Only the pictures are to be left out; return the rest of the data exactly as it stands.

> **RAW DATA**:
"""
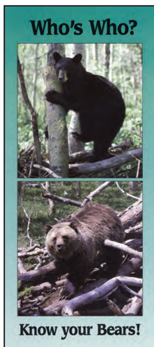
Bear ID Brochure
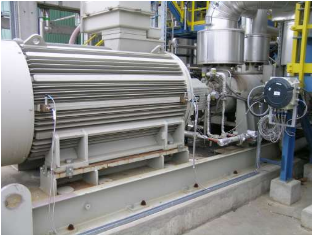
Figure 3. Rotating machine with measurement point and TMUX unit The next photo shows one pickup point with three IS accelerometers.
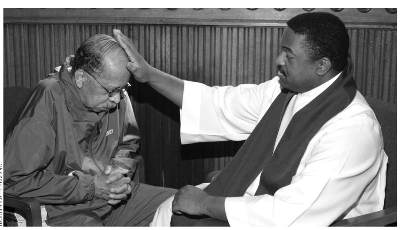
Reconciliation is a sacrament of mercy and healing

Proper reception of the sacrament provides sac-
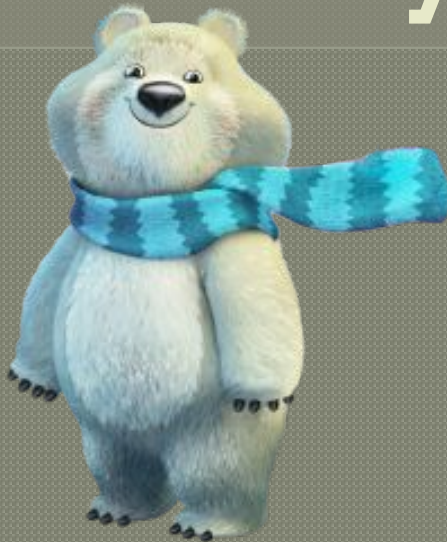
A White Bear
"""
> **RESULT**:
Bear ID Brochure
Figure 3. Rotating machine with measurement point and TMUX unit The next photo shows one pickup point with three IS accelerometers.
Reconciliation is a sacrament of mercy and healing

Proper reception of the sacrament provides sac-
A White Bear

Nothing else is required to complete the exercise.